→ **WORK TO BE COMPLETED**
Within the listing below, please copy exactly the lines between the line holding "Hast du eigene" and the line holding "滝水のカーテン 月待の滝は裏見の滝日本一 滝の裏から撮影しました", inclusive.

→ **AVAILABLE DATA**
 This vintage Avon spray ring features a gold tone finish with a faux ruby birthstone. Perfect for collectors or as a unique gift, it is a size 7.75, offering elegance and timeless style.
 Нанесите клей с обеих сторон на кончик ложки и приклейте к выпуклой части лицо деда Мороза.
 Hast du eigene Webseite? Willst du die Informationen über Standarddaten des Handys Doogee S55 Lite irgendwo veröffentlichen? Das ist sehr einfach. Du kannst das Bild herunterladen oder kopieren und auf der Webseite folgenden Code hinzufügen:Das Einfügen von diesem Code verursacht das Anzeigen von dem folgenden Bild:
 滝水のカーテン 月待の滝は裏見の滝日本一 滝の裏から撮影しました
* * *
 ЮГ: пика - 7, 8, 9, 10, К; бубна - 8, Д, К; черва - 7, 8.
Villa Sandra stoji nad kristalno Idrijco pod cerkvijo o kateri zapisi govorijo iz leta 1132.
* * *
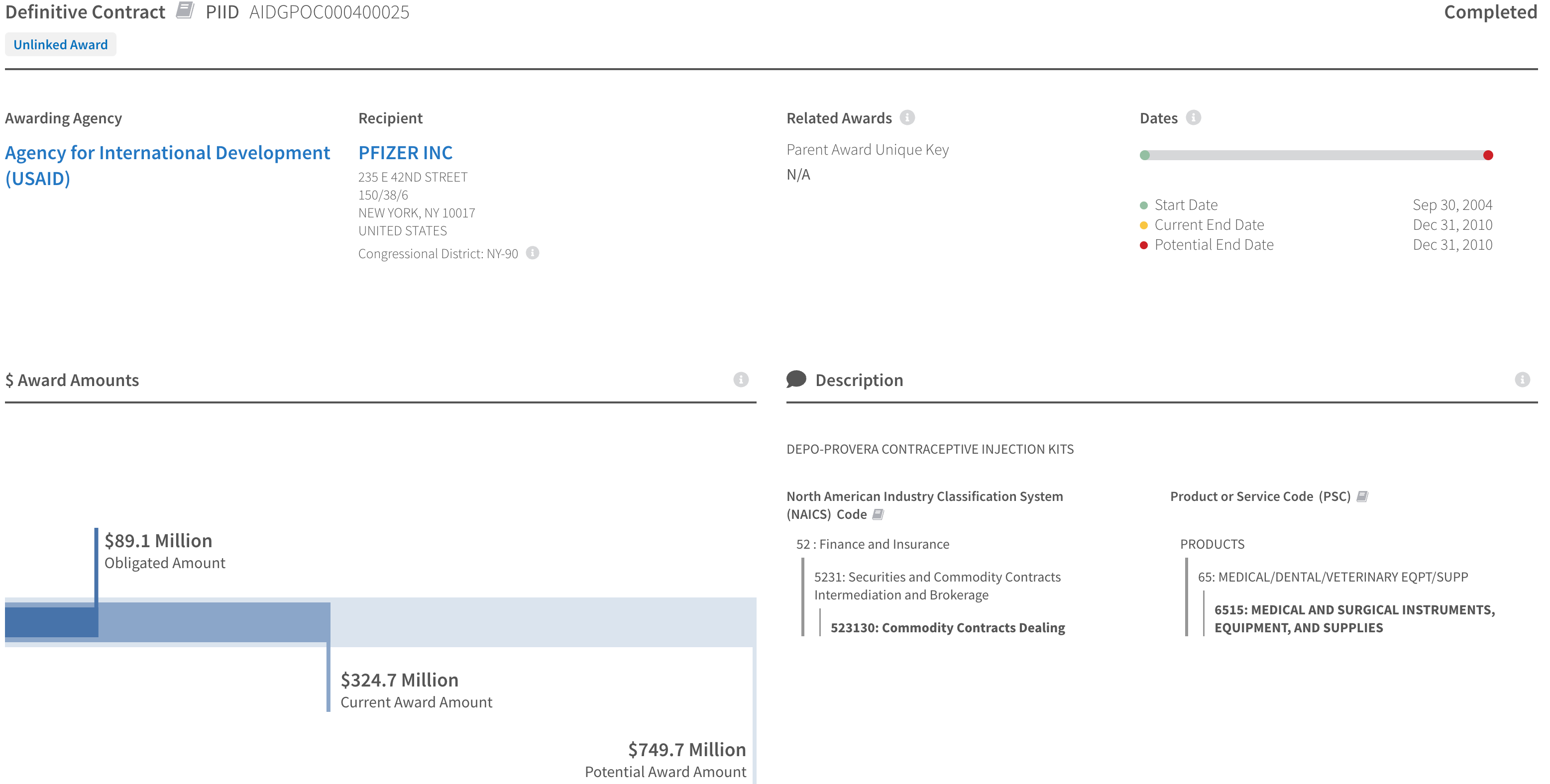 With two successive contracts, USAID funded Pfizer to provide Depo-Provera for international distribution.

→ **THE COMPLETED TASK**
 Hast du eigene Webseite? Willst du die Informationen über Standarddaten des Handys Doogee S55 Lite irgendwo veröffentlichen? Das ist sehr einfach. Du kannst das Bild herunterladen oder kopieren und auf der Webseite folgenden Code hinzufügen:Das Einfügen von diesem Code verursacht das Anzeigen von dem folgenden Bild:
 滝水のカーテン 月待の滝は裏見の滝日本一 滝の裏から撮影しました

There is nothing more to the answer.